Second, we use the sample of 2020 data for 80 locked-down cities and 284 cities that were never locked down during the coronavirus outbreak. Under this setting, $Trea{t}_{i,t}$ takes the value of 1 if city $i$ issued any lockdown policy in 2020, and 0 otherwise. Thus, the control group consists of 284 cities that were not subject to lockdowns.3$Pos{t}_{i,t}$ takes the value of 1 for the sample period after city $i$ issued a lockdown policy, and 0 otherwise.

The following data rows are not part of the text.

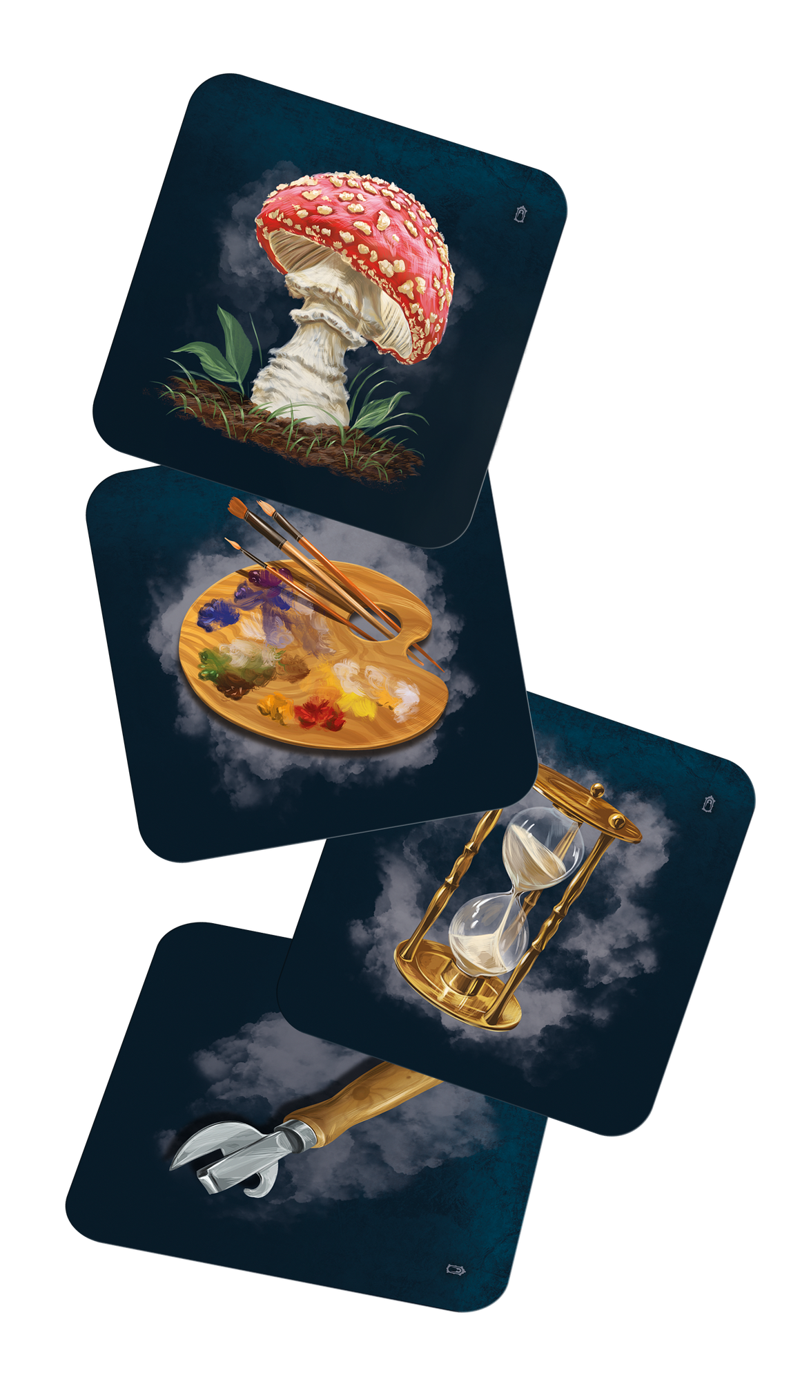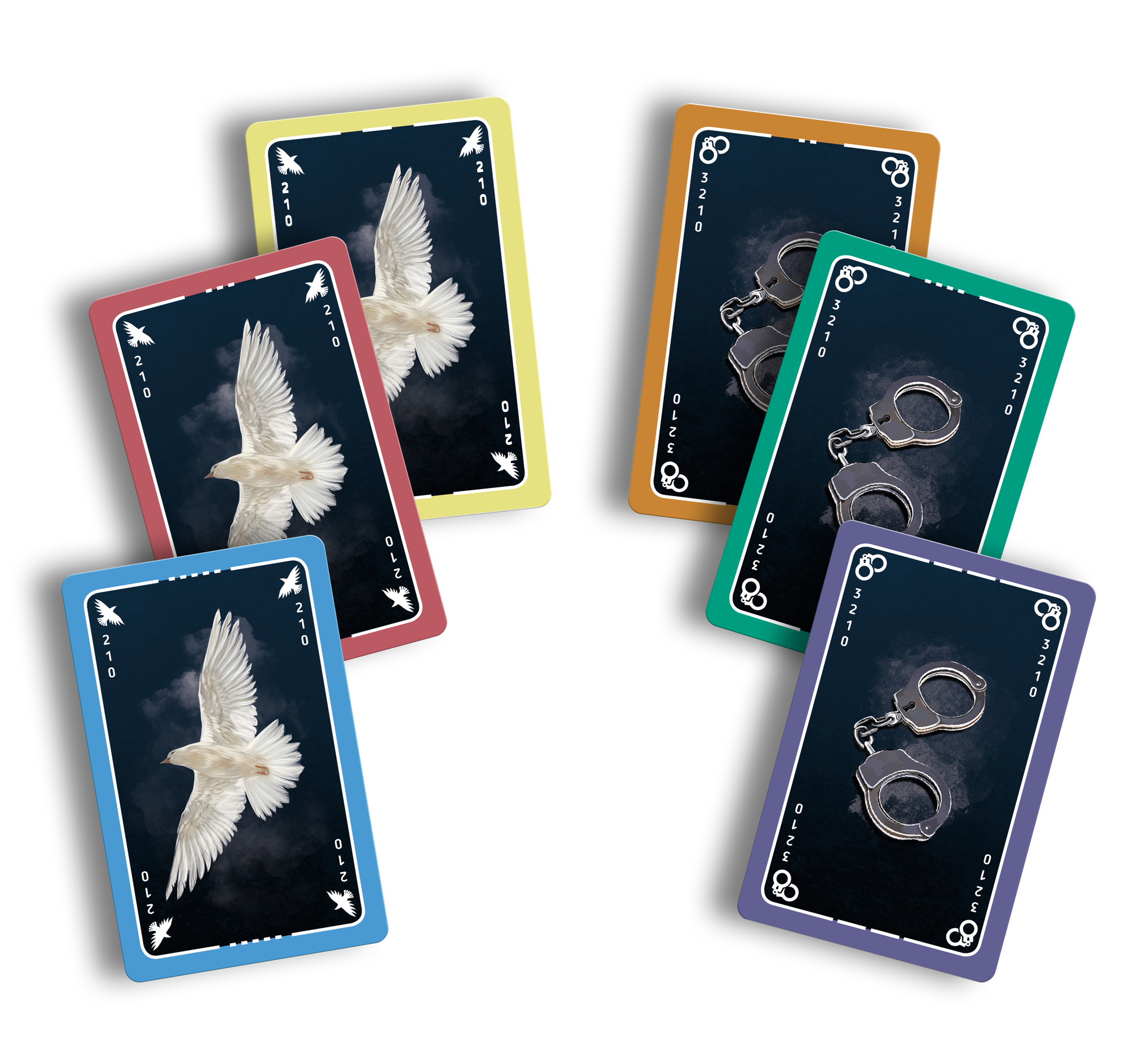 | Комплектация | 150 карт улик, 14 карт тайных ролей, 12 карт персонажей (двусторонние), 3 жетона категорий, 1 жетон рации, 1 жетон почтового ящика, карта-памятка, правила игры |
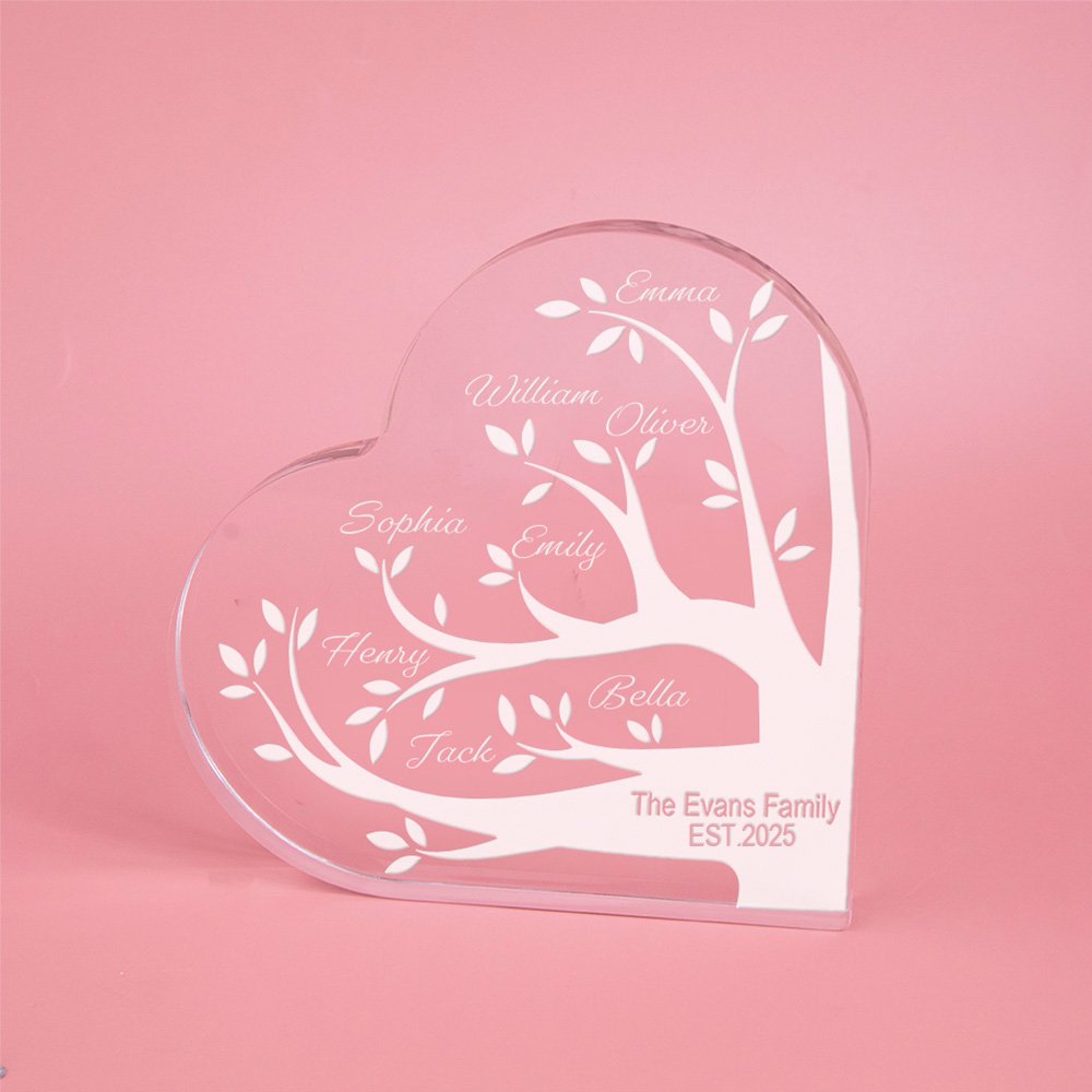 La targa in acrilico dell'albero genealogico è una decorazione commemorativa per la casa, che simboleggia l'importanza della famiglia e l'interconnessione tra le generazioni. Può essere esposta con orgoglio in salotto, in camera da letto, in un armadio o su uno scaffale. È un promemoria costante dell'amore, dell'unità e dei ricordi condivisi in famiglia.
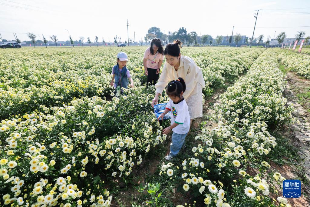 11月4日,游客在三村村杭白菊基地裏體驗杭白菊採摘。
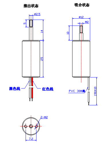 產(chǎn)品尺寸:直徑12mm * 高度25mm 頂 桿直徑2.5mm 螺紋為M2
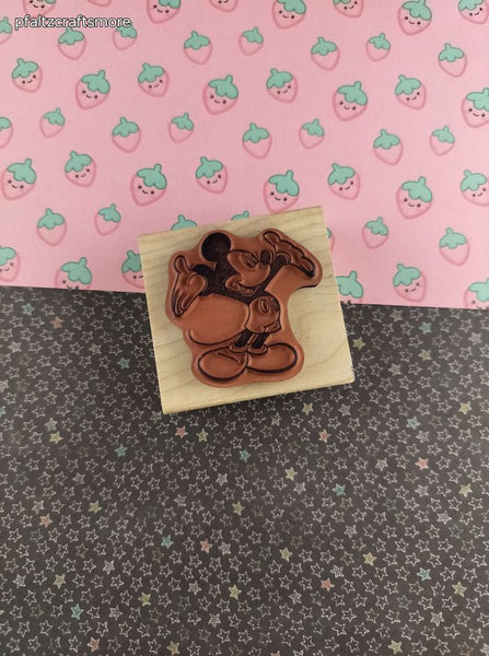 Includes 1 (one) wooden/rubber stamp block, as pictured. Rubber of stamp & underside of wood have some mild staining from light use. Measures approx. 2.5" x 2.5".

We interpret the coefficient of $Trea{t}_{i,t}\ast Pos{t}_{i,t}$ as the impact of lockdowns on air quality or pollution in both of the above strategies. Panel A of Table 2 presents the results.

Table 2.

Baseline results

Treatment group	AQI
	Locked cities 2020		Locked cities 2020
Control group	Locked cities 2019		Unlocked cities 2020
	(1)	(2)	(3)	(4)
Panel A: AQI
Treat * Post	− 0.135***	− 0.159***	− 0.083***	− 0.106***
	(0.020)	(0.019)	(0.016)	(0.015)
Weather	No	Y	No	Y
Fixed effects	Y	Y	Y	Y
Constant	4.252***	3.864***	4.118***	3.843***
	(0.007)	(0.035)	(0.004)	(0.024)
Observations	6602	6602	13,860	13,858
R2	0.453	0.527	0.525	0.580
Panel B: PM2.5
Treat * Post	− 0.247***	− 0.241***	− 0.114***	− 0.140***
	(0.025)	(0.024)	(0.020)	(0.019)
Weather	No	Yes	No	Yes
Fixed effects	Yes	Yes	Yes	Yes
Constant	3.818***	3.257***	3.661***	3.199***
	(0.009)	(0.044)	(0.005)	(0.029)
Observations	6602	6602	13,860	13,858
R2	0.449	0.545	0.550	0.618
Panel C: NO2
Treat * After	− 0.359***	− 0.382***	− 0.140***	− 0.160***
	(0.016)	(0.016)	(0.014)	(0.013)
Weather	No	Yes	No	Yes
Fixed effects	Yes	Yes	Yes	Yes
Constant	3.321***	3.104***	3.036***	2.804***
	(0.006)	(0.029)	(0.003)	(0.019)
Observations	6602	6602	13,860	13,858
R2	0.691	0.736	0.709	0.751

This table reports the impact of the lockdown policy on air pollution. Column (1) and (2) compare the locked cities in 2020 to itself in 2019, and column (3) and (4) compare the locked cities in 2020 to unlocked cities in 2020. Besides, column (1) and (3) present the result with the fixed effects, and column (2) and (4) present the regression with both the weather conditions and fixed effects. The dependent variable is $\mathit{AQI}$, $PM2.5$ and $N{O}_2$ in panel A, B and C, respectively. The key independent variable is $Treat\ast Post$

Significance at 10%, 5%, and 1% levels was indicated by *, **, and ***, respectively

The dependent variable of Panel A is the logarithm of AQI. Columns (1) and (2) are results of the first strategy and columns (3) and (4) are results of the second strategy. The coefficient of $Treat\ast Post$ in column (1) is significantly negative and shows that in 2020 the AQI decreased by 13.5% during the lockdown period compared with the same lunar calendar period in 2019. Column (2) presents the results of Model (1) with a vector of weather variables and a vector of fixed effects. The coefficient of $Treat\ast Post$ is significantly negative and is larger in magnitude. Columns (3) and (4) present consistent results.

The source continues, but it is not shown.